A tire air nozzle, comprising: a tire air nozzle body, the side surface of which is covered by a cylindrical elastic member and pressed into a nozzle mounting hole of a tire ring; the tire pressure detecting device is fixed to the tire pressure detecting device One end of the tire valve body is for detecting the internal pressure of the tire; the center of gravity of the whole body is opposite to the tire pressure detecting device from the press-fitting portion of the tire nozzle body toward the nozzle mounting hole And a rotation restricting portion disposed on the opposite side of the tire elastic detecting member from the tire pressure detecting device via the press-fitting portion and opposite to the tire The central axis of the nozzle body is opposite to the center of gravity, and is fitted to the cylinder wall of the tire from the inner side, and is in surface contact when pressed against the cylinder wall by centrifugal force. Or contact at 2 or more points.
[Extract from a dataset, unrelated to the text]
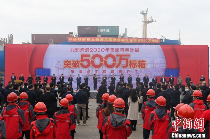 中新网钦州12月28日电 (杨陈俞靖)12月28日上午,“北部湾港2020年第500万标箱”在广西钦州港区稳稳吊起,集装箱船舶笛声长鸣。这意味着广西北部湾港2020年集装箱吞吐量突破500万标箱,跻身中国沿海港口集装箱吞吐量前10、世界前40行列。

The tire air nozzle according to claim 1, wherein the rotation restricting portion is a plane that is orthogonal to a reference plane including the center of gravity and the center axis and extends along the central axis. The tire air nozzle according to claim 2, wherein the rotation restricting portion is formed by a surface of one side of the square tapered portion, and the tip end of the square tapered pushing portion is tapered toward a side away from the tire air pressure detecting device. The tire air nozzle of claim 1, wherein the tire pressure detecting device is provided with an acceleration sensor that detects the rotation of the tire. The tire air nozzle of claim 2, wherein the tire pressure detecting device is provided with an acceleration sensor for detecting the rotation of the tire. The tire nozzle of claim 3, wherein the tire pressure detecting device is installed An acceleration sensor that measures the rotation of the above tire. A tire nozzle mounting structure in which a tire nozzle according to any one of claims 1 to 6 is pressed into a nozzle mounting hole of a tire ring.